Aim of the exercise:
Every line below between the line holding "Analysis of the" and the line holding "(A) Serial dilution", inclusive, should be repeated exactly, and all other lines omitted.

Material shown:
────

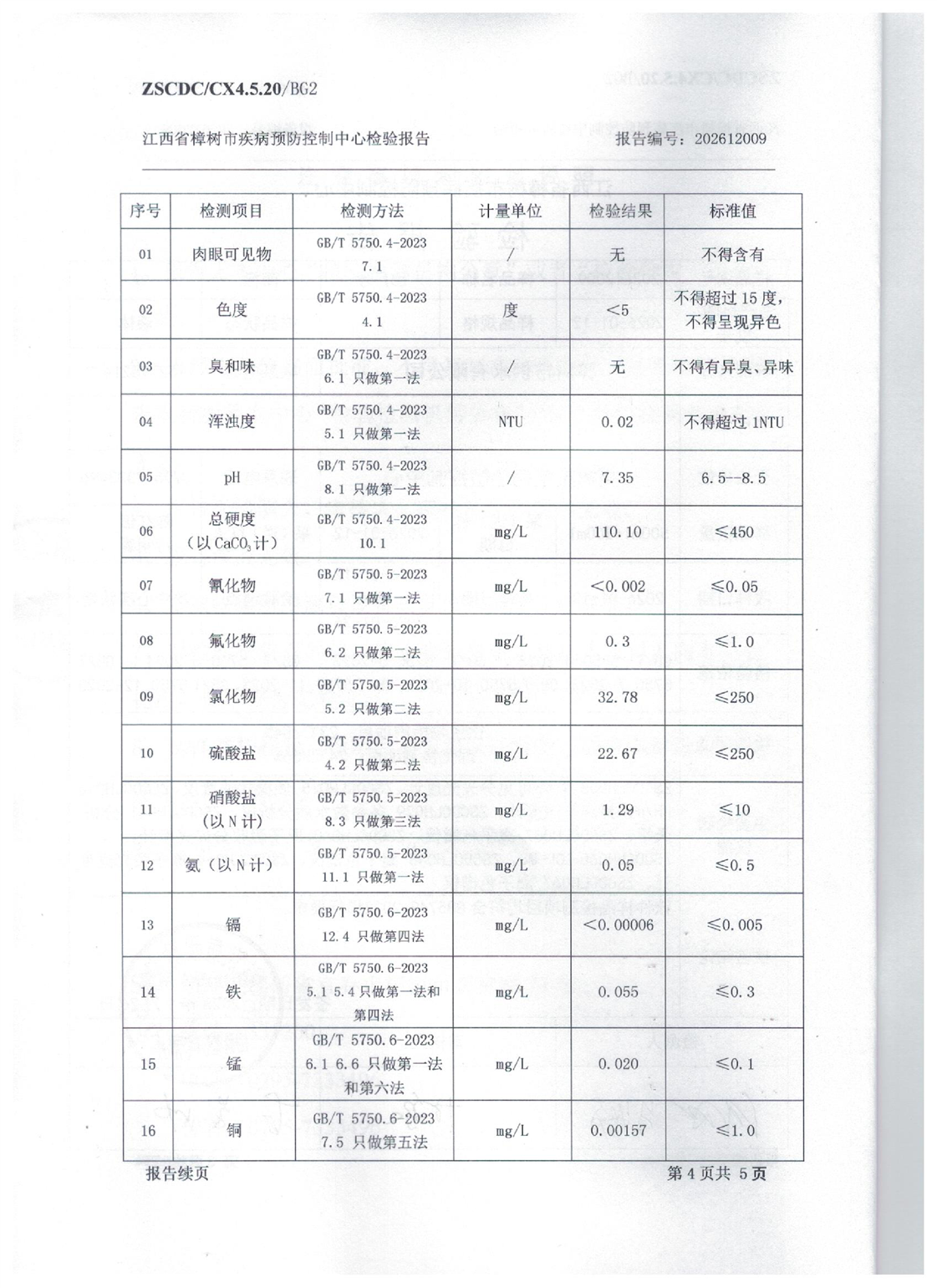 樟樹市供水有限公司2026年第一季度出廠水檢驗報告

────

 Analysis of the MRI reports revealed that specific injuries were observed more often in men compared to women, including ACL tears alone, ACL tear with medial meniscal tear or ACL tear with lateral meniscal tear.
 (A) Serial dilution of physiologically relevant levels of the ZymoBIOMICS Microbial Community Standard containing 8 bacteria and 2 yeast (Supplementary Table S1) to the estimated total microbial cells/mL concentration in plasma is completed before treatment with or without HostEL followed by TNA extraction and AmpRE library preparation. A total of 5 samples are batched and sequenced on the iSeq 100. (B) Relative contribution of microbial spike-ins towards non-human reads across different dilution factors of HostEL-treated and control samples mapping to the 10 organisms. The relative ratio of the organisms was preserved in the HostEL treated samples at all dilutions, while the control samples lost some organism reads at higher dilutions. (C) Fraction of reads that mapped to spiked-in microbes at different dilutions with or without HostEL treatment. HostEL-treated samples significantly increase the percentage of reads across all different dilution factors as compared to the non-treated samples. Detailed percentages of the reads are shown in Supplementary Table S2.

────

Exercise response:
 Analysis of the MRI reports revealed that specific injuries were observed more often in men compared to women, including ACL tears alone, ACL tear with medial meniscal tear or ACL tear with lateral meniscal tear.
 (A) Serial dilution of physiologically relevant levels of the ZymoBIOMICS Microbial Community Standard containing 8 bacteria and 2 yeast (Supplementary Table S1) to the estimated total microbial cells/mL concentration in plasma is completed before treatment with or without HostEL followed by TNA extraction and AmpRE library preparation. A total of 5 samples are batched and sequenced on the iSeq 100. (B) Relative contribution of microbial spike-ins towards non-human reads across different dilution factors of HostEL-treated and control samples mapping to the 10 organisms. The relative ratio of the organisms was preserved in the HostEL treated samples at all dilutions, while the control samples lost some organism reads at higher dilutions. (C) Fraction of reads that mapped to spiked-in microbes at different dilutions with or without HostEL treatment. HostEL-treated samples significantly increase the percentage of reads across all different dilution factors as compared to the non-treated samples. Detailed percentages of the reads are shown in Supplementary Table S2.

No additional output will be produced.